Giannis Antetokounmpo w pogoni za kolejnym MVP. Gramy AKO 2.99 na drugi dzień otwarcia

gainnis antek milwaukee

fot. Nicolas Messyasz/ PressFocus

Zakończyły się pierwsze dwa spotkania otwarcia w najlepszej koszykarskiej lidze świata. Już na samym początku, w derbach Los Angeles doszło do niespodzianki i porażki Jeziorowców. Musimy pamiętać, że pierwsze spotkania mogą przynieść nam dużo więcej sensacji aniżeli w późniejszej fazie sezonu. Dziś czekają na nas pozostałe mecze otwarcia. Pod lupą zobaczymy pojedynek Bostonu Celtics z Milwaukee Bucks oraz Philadelphia 76ers z Washington Wizards. Czy Giannis wystartuję z przytupem?

Zagraj bez ryzyka w Betclic ze zwrotem na konto depozytowe do 50 PLN!

Nie wejdzie? Pieniądze możesz od razu wypłacić!

Kod aktywujący promocję: ZAGRANIE50

BetclicChcesz więcej typów bukmacherskich? Dołącz do Grupy Zagranie!

Washington Wizards (0-0) vs Philadelphia 76ers (0-0) (czwartek 01:00)

Wizards jak najszybciej chcą zapomnieć o zeszłorocznym sezonie, gdzie nie udało im się awansować do playoffów. Scott Brooks ze swoim sztabem postanowili sprowadzić kogoś, kto doda zespołowi ważne punkty. Tym zawodnikiem został Russell Westbrook wymieniony za Johna Walla, który nie błyszczał w Rockets, tak jak nas przyzwyczaił. Oprócz niego, Wizard sięgnęło po Robina Lopeza. Wymiana na linii z Houston w mojej opinii to bardzo dobry ruch ze strony Washington, dlatego że Wall przez dwa lata nie grał w koszykówkę. Nie da się ukryć, że Bradley Beal z Westbrookiem może stać się cennym duetem. W późniejszym czasie ich współpraca będzie kluczem do zdobywanie cennych zwycięstw. Początek sezonu to przede wszystkim czas dla Brooksa, który musi poukładać swoich zawodników i poszukać alternatyw. Problem Wizards to głębia składu, a raczej jej brak.

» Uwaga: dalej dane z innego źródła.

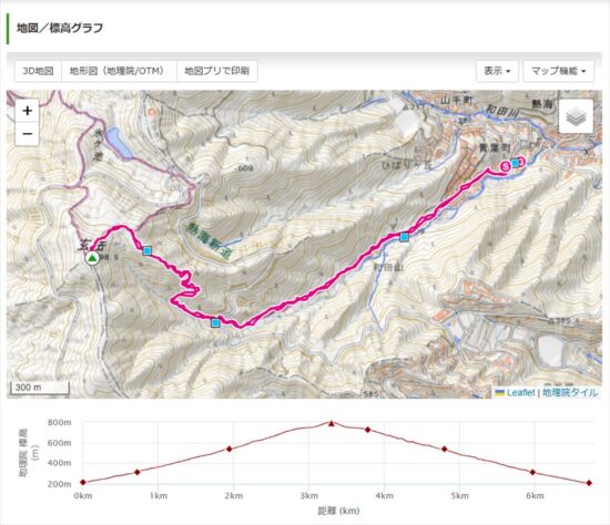 上記は玄岳ハイキングコースの軌跡及び標高グラフ。往、復路同じ。
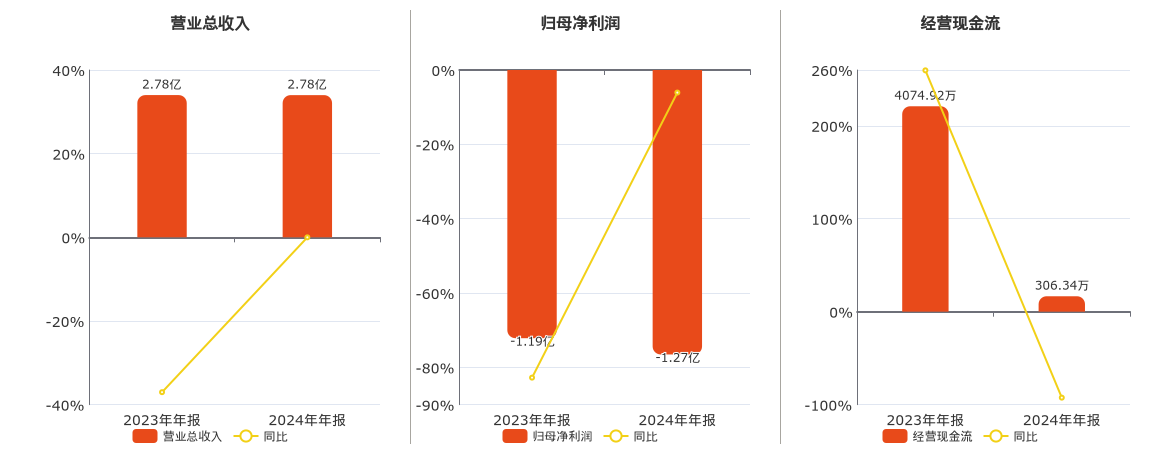 公司营业总收入为2.78亿元,在已披露的同业公司中排名第63,较去年同报告期营业总收入减少2.18万元,同比较去年同期下降0.01%。归母净利润为-1.27亿元,在已披露的同业公司中排名第62,较去年同报告期归母净利润减少724.85万元。经营活动现金净流入为306.34万元,在已披露的同业公司中排名第49,较去年同报告期经营活动现金净流入减少3768.59万元,同比较去年同期下降92.48%。
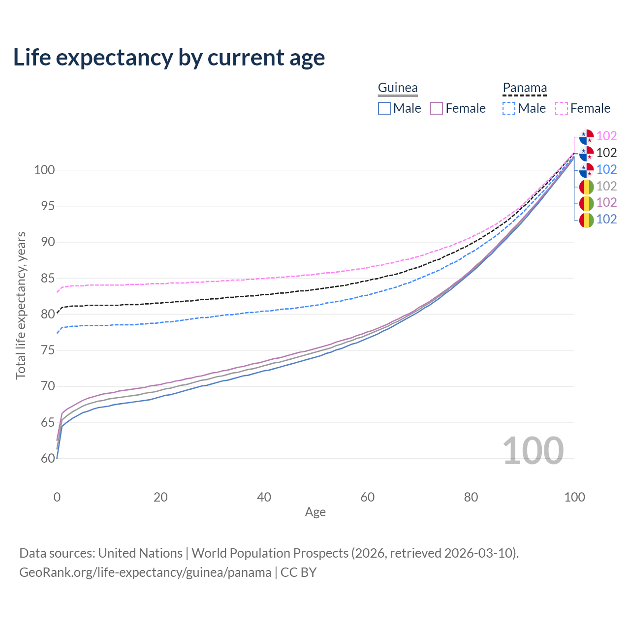 This life expectancy calculator shows the odds of living to 100, 95, 90, and below based on current age for both males and females in Guinea and Panama, along with mean and median age of death. The calculations are based on the 2026 life tables (actuarial tables) from the UN World Population Prospects.
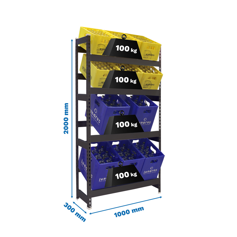 Rayonnage léger tri de bouteille sans vis 2000x1000x300 - 4 niveaux Anthracite - SIMON RACK - 8425437129704
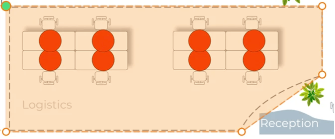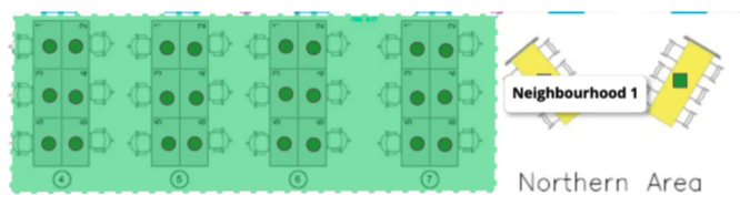 Desk Neighbourhoods and Meeting Zones allow you to visually group desks and meeting rooms on your office floor plan.
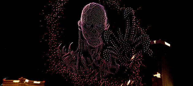 On Sunday, December 28 an epic Stranger Things drone show lit up the Las Vegas sky, bringing iconic moments from the series to life. This Hawkins-inspired gathering with 5000 choreographed drones & pyrotechnics marked the largest and most ambitious public drone show in the US with the largest functional characters to date and hundreds of fans gathered along the Las Vegas Strip to watch with a surprise appearance from Vecna himself – Jamie Campbell Bower.
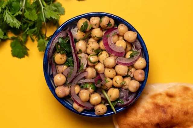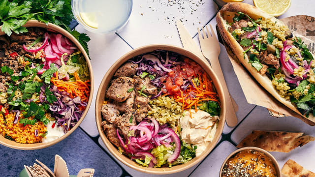 - Poulet marinade cumin/citron, sauce blanche, courgettes, oignons pickles, persil, feta, crudités

Poza pozycją centra reszta pozycji wygląda biednie obsadzona. Jednym z ciekawszym nazwisk jest Hachimura, który potrzebuję jeszcze dużo treningów, by stać się kluczowym zawodnikiem. Możliwe, że jednak początek sezonu będzie musiał oglądać z ławki z powodu problemów zdrowotnych.

76ers nie poradziło sobie w playoff 2020. Nie potrafili przeciwstawić się Bostonowi i z hukiem odpali w pierwszej rundzie. Zarząd Filadefii stwierdził, że Brett Brown zrobił wszystko na co było go stać i pora na zmiany. Do zespołu przybyło paru grajków, a wsród nich: Tony Bradley, Seth Curry, Danny Green czy Dwight Howard. Wraz z nowymi zawodnikami do klubu trafił Doc Rivers, który na starcie musi okiełznać boiskowe połączenie Simmonsa z Emiidem. Z klubu odeszli: Al Horford oraz Josh Richardson. Zmiany kadrowe wydają się przemyślane i na papierze 76ers mogą walczyć o większy sukces aniżeli pierwsza faza playoff. Zawodnicy z Filadelfii mocno wzięli do siebie przygotowania i nie zostawili żadnych szans swoim rywalom w dwóch spotkaniach. Docs zapowiada ciężką pracę na treningach, która ma mieć odbicie w wysokim procencie zwycięstw w sezonie zasadniczym. Czy zobaczymy dobrze współgrający projekt Ben Simmons – Joel Embiid?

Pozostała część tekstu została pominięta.